Subgenre of reggaeton

Alternative reggaeton is a subgenre of reggaeton that emerged from the reggaeton movement as a reaction to its repetitive and monotone dembow rhythm, and the predominant stereotypical gangsta content that became predictable. The result was a complex sound derived from world sounds, mainly rooted in other Latin American music based genres such as bomba, plena, salsa, bachata, merengue, cumbia, tango and other foreign influenced music such as alternative rock, rock en español and Latin alternative. Mixed with thoughtful (and sometimes crude) lyricism guided by an anti-colonialism discourse, Latin American sociopolitical content, and racial pride, it gave listeners a smooth blend of danceable rhythms and intellectual dialogue.

==History==
The precursor is arguably one of the founding fathers of reggaeton: Vico C, whose albums relied heavily on hip-hop acoustics, keyboards, and reggae roots.

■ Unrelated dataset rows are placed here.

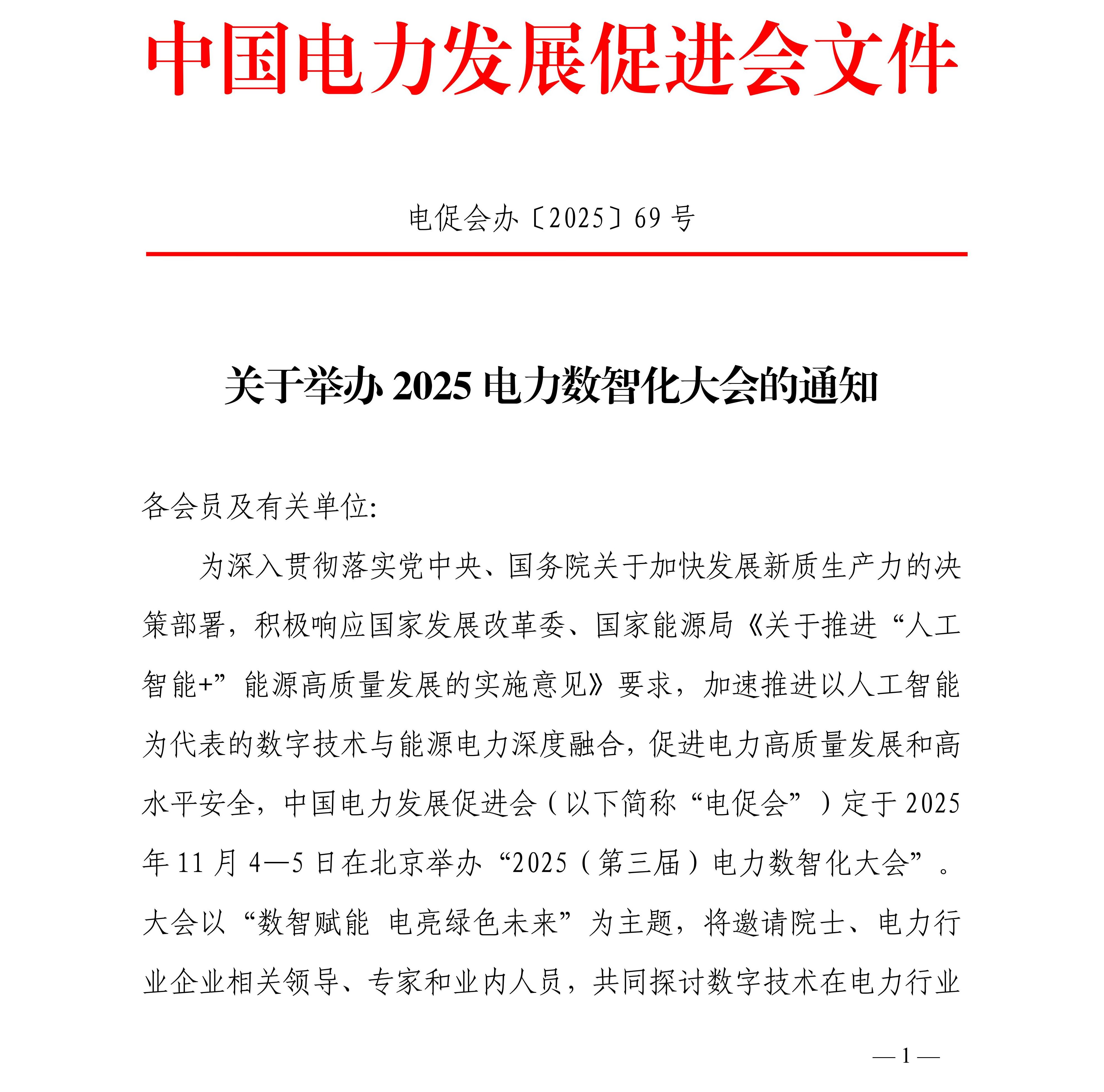 • 關于舉辦2025電力數智化大會的通知
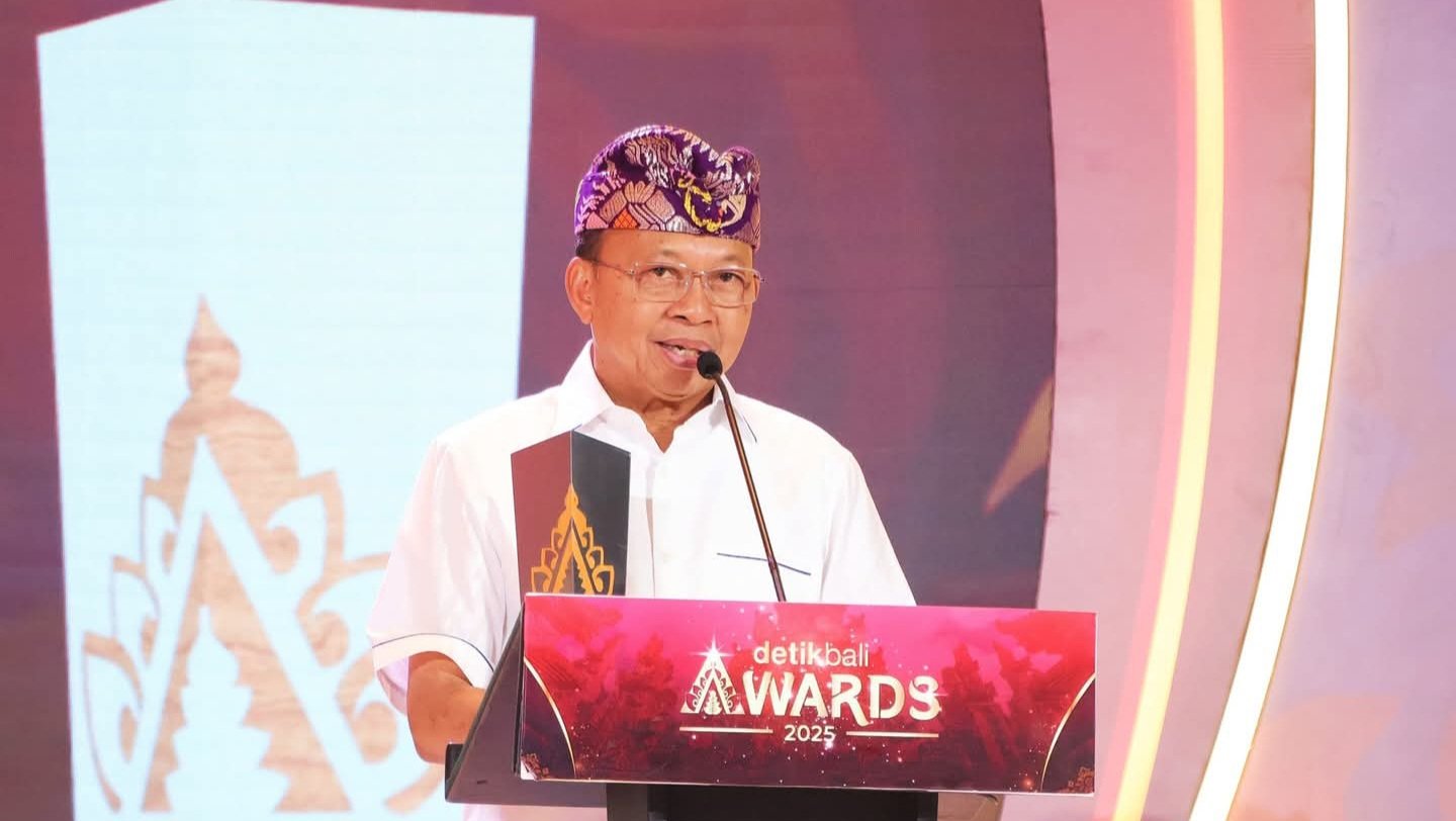 Foto: Gubernur Bali Wayan Koster menegaskan budaya jadi arus utama penggerak pariwisata dan ekonomi di Bali di ajang detikbali Awards 2025 di The Trans Resort, Seminyak, Badung, Sabtu (22/3/2025). (barometerbali/rah)
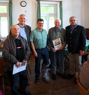 Um 14.00 Uhr stand eine ganz besondere Ehrung auf dem Programm. Unser Mitglied Georg Lantelme, der 1954 in den Verein eingetreten war, konnte sein 70jähriges Vereinsjubiläum begehen. Es war uns eine große Ehre, dass Herr Landrat Schellhaas und Herr Bürgermeister Lautenschläger sich trotz gefüllter Terminpläne die Zeit nahmen, das Kelterfest zu besuchen, um Georg Lantelme zu seinem außergewöhnlichen Jubiläum zu gratulieren.
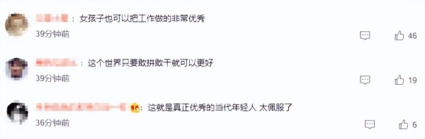 对此网友也纷纷为这名90后女孩点赞,“女孩子也可以把工作做的非常优秀”,“这就是真正优秀的当代年轻人,太佩服了”,“这个世界只要敢拼敢干就可以更好”。
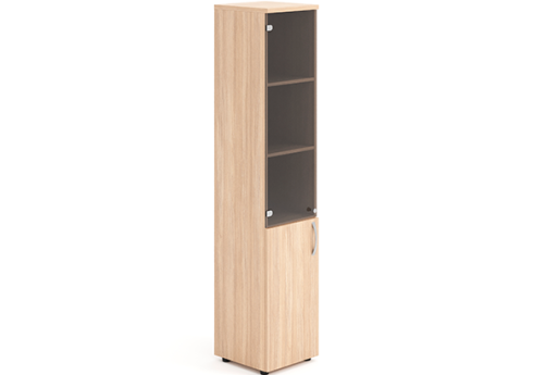 Шкаф высокий узкий правый (3 полки под стеклом) Мотиви, цвет светлый дуб
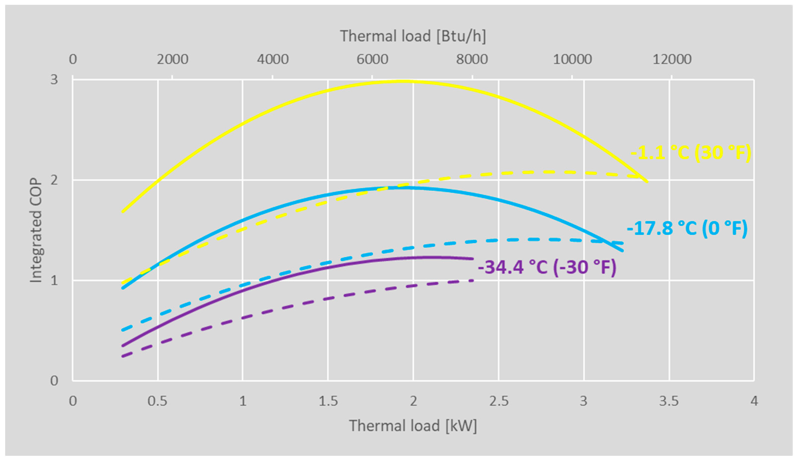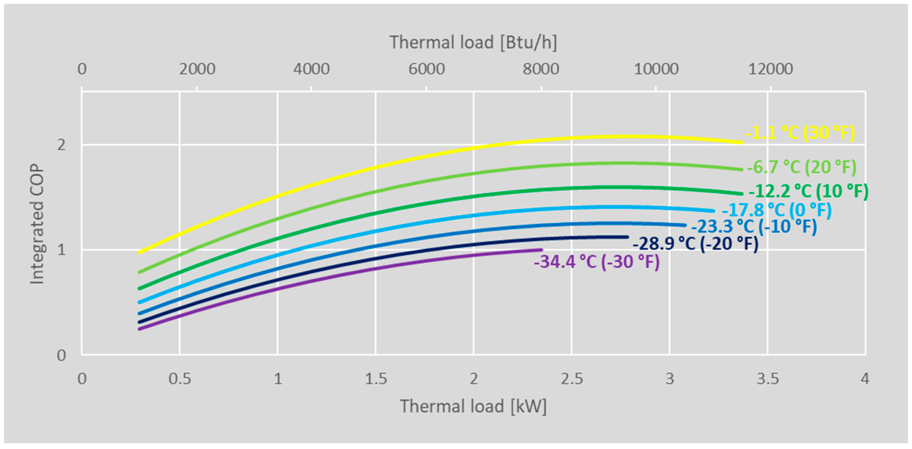 2.5. Integrated COP vs. Thermal Load and Outdoor Temperature
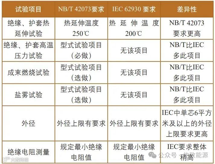 表2列举了NB/T 42073与IEC 62930的差异性,其中,NB/T 42073比IEC 62930多包含了绝缘(护套)高温压力试验、电缆成束燃烧试验及盐雾试验等检测项目,根据国内光伏发电系统的工况环境,NB/T42073更适合作为光伏电缆产品的依据标准。
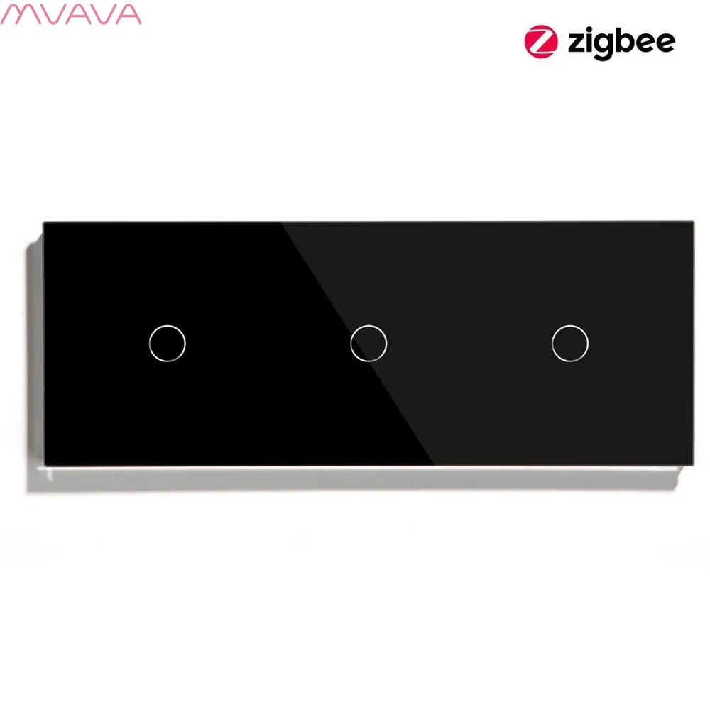 Сенсорный выключатель ZigBee MVAVA, 3 кл. 3 поста (1G+1G+1G) стекло 228х86мм цвет черный
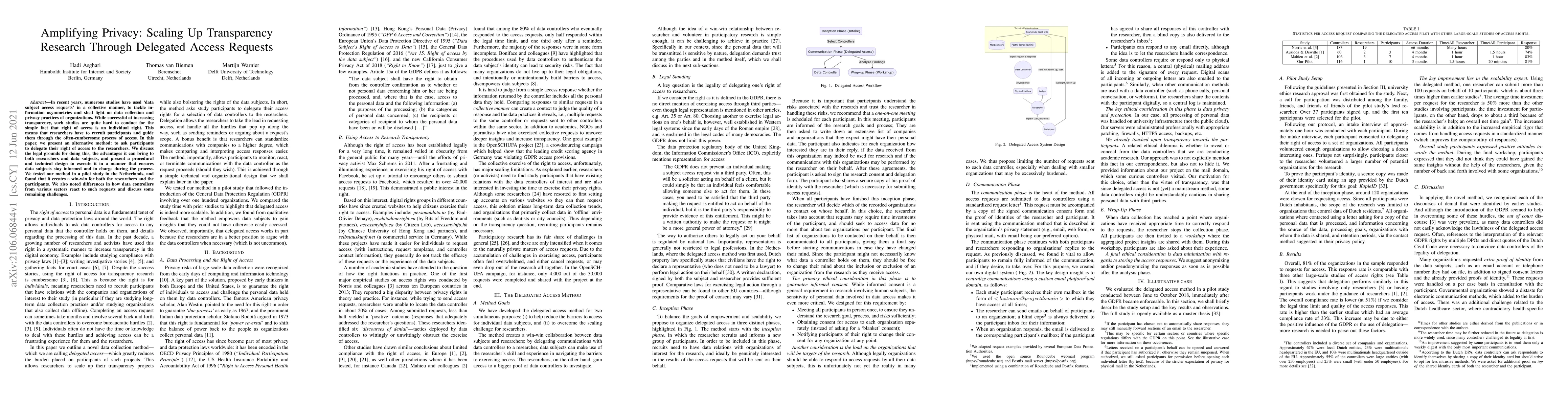 This paper proposes a method for researchers to collect data subject access requests by delegating the right of access from participants, enhancing transparency in data collection practices. The pilot study in the Netherlands demonstrated its effectiveness, while also highlighting sector-specific reactions and ongoing challenges.
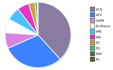 | 9 | PARTIDO DEMOCRATA PROGRESISTA | 1 | 0.38% | -- | 0.41% |
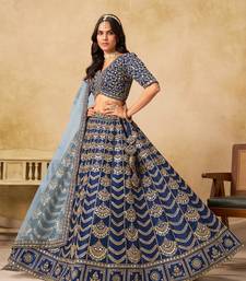 Blue art silk embroidered semi stitched lehenga choli size up to 42
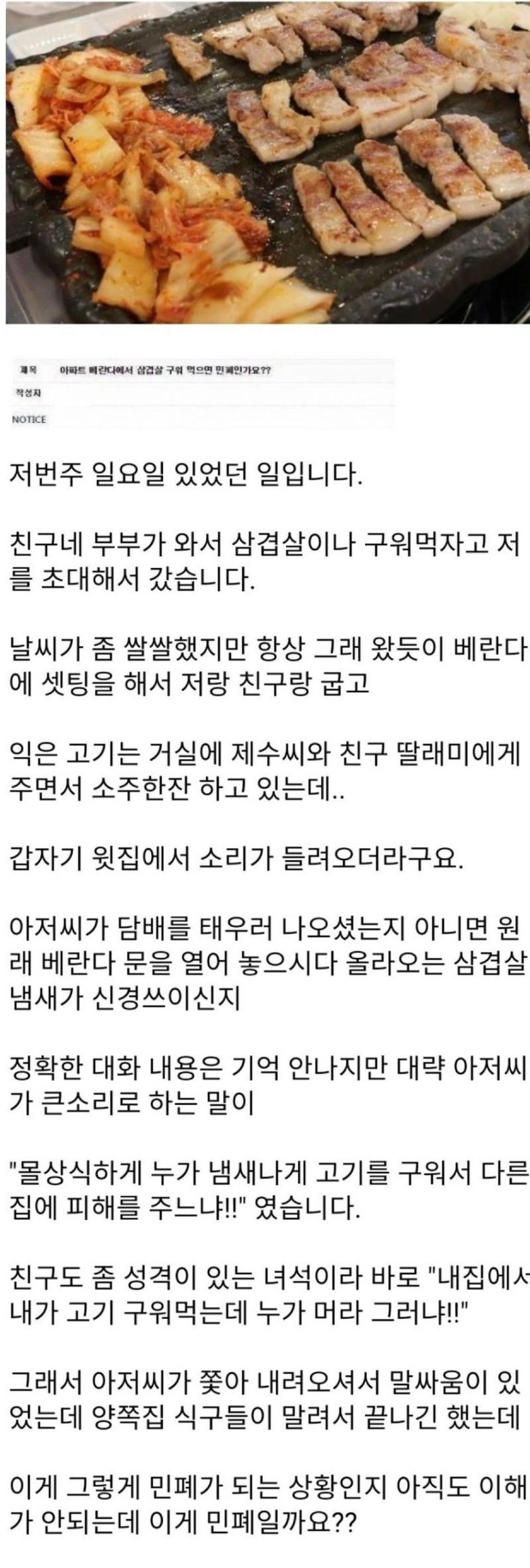 논란의 아파트 베란다 삼겹살.by 뉴스낵 2025.10.03베란다본 콘텐츠의 저작권은 저자 또는 제공처에 있으며, 이를 무단 이용하는 경우 저작권법 등에 따라 법적 책임을 질 수 있습니다.
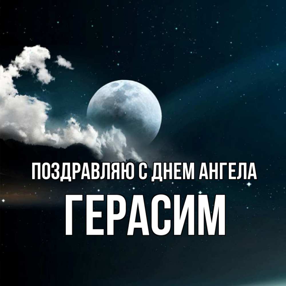 Открытка Поздравляю с днем Ангела Герасим. луна облака. облака в лунном свете
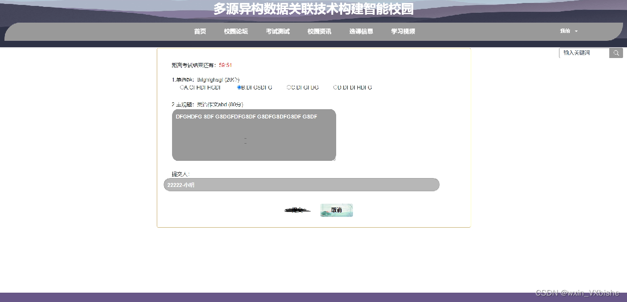 考试测试,在此页面可以参加考试,答题,提交考卷及查看成绩等,如图5-14所示。
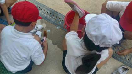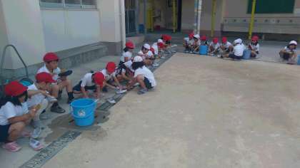 上靴の洗い方を学習しました。家庭でも、自分でできることを増やしてほしいと思います。すでに毎週末に自分で洗っているという子が多かったですが、みんなで洗うと、またいつもと違って楽しかったようです。
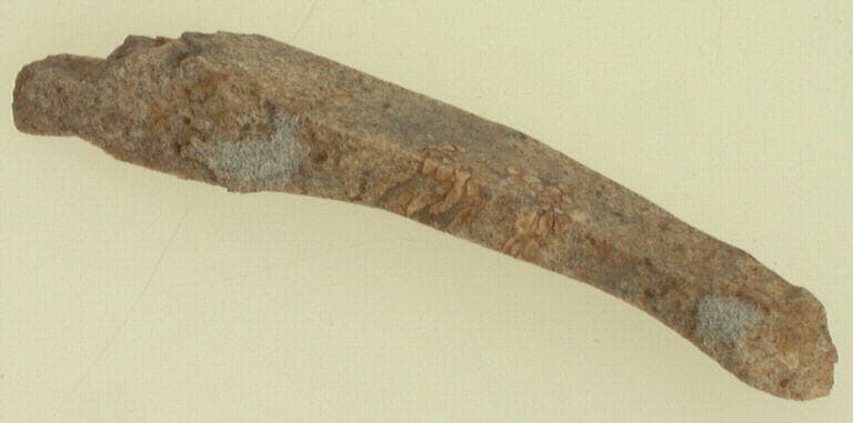 silex gris. ; Chute de burin à un côté plat et un côté convexe.
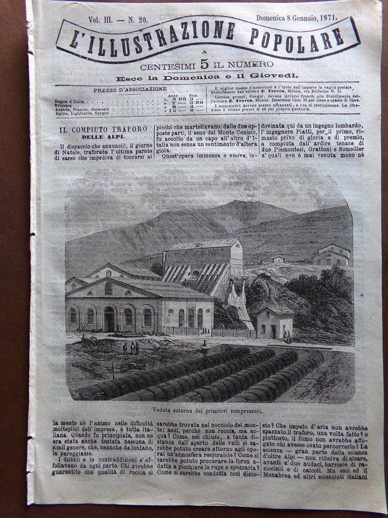 L'illustrazione Popolare 8 Gennaio 1871 Traforo Alpi Verona Castello di Donchery
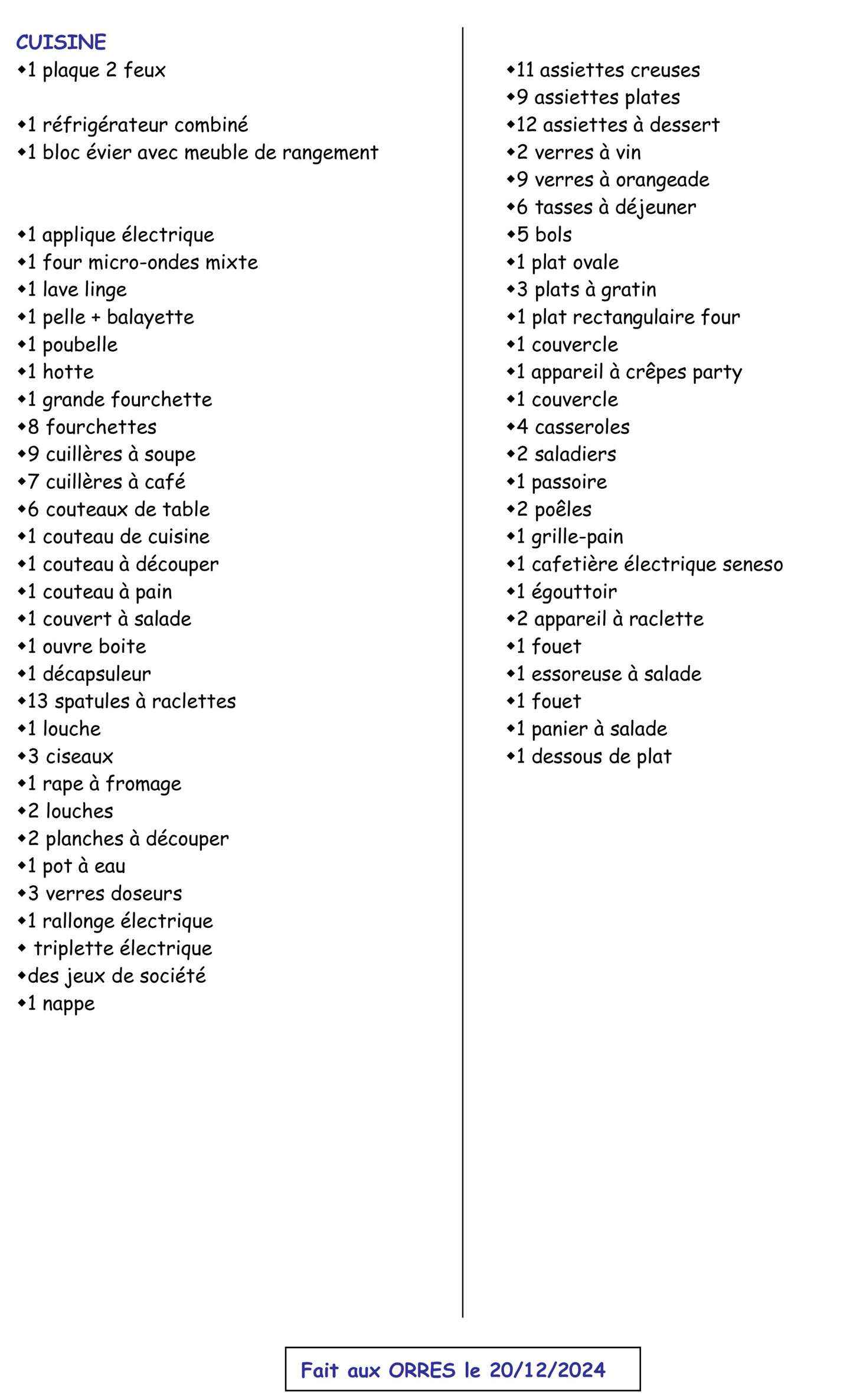 - Caution 400 € (CB ou espèces)
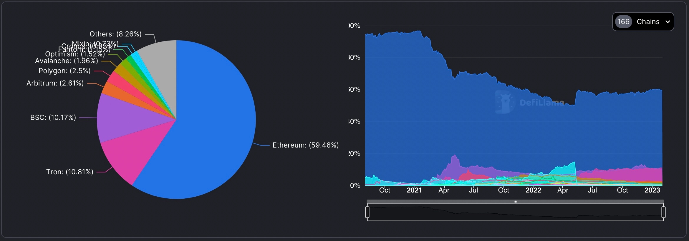 尽管 ETH 是市值第二大的加密货币,但以太坊是领先的权益证明 (PoS)网络。在撰写本文时,它约占去中心化金融 (DeFi)协议锁定总价值的 65%,约为 487 亿美元。
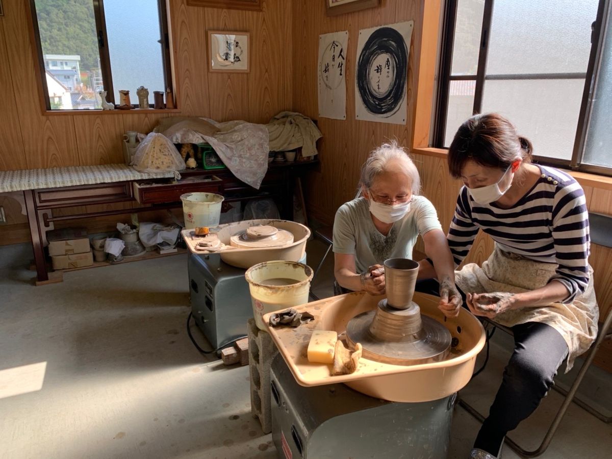 前回は見学だけだった雪舟焼きの窯元で、今回は陶芸を体験、師匠からは見事なデモを披露してもらい、奥様からは各々好きな抹茶碗でお茶を立てていただきました。

Xplosión (1993), Aquel Que Había Muerto (1998) and Desahogo (2005) are good examples.

==Rise of a new sound==
The starting point of alternative reggaeton per se is considered by many to be the album El Abayarde, the 2002 debut of Tego Calderón. The blend of Puerto Rican folk music, known as bomba y plena, two Afro-Puerto Rican genres and steady beats of hip hop and classical reggaeton served as a base for the new variant. The album became a major success, launching the underground status of Calderón to the pinnacle of the Spanish-speaking MC's.

==Breakthrough==
The breakthrough album of what is considered alternative reggaeton came in 2005 with the self-titled debut album of Puerto Rican duo Calle 13. The song "Atrévete-te-te" from the album became a big success on the Billboard Hot Latin Songs chart, peaking at #15. This helped the genre gain more media exposure. The background of the Puerto Rican duo provided a fresh source for the subgenre. Producer and multi-instrumentalist Visitante was formally educated in music, and eventually formed part of a rock en español and Brazilian batucada band called Bayanga, which provided a diametrical point of view from the traditional caserío-inspired dancehall synthesizer sound from most albums. Lyricist Residente was highly educated, having earned a Masters of Fine Arts in the Savannah College of Art and Design, which contributed to his crafted lyricism and purposeful sarcasm. The main asset of the album was that it provided more than just danceable tracks, and it began to question the inner perception of Puerto Rican identity and the acceptance of foreign models as a pertinent solution to Latin American issues. This is evident in the Diddy mocking song "Pi-di-di-di". Some criticism has been raised of Residente of its close similarity to Eminem's songs and whole 'enfant terrible' ethos.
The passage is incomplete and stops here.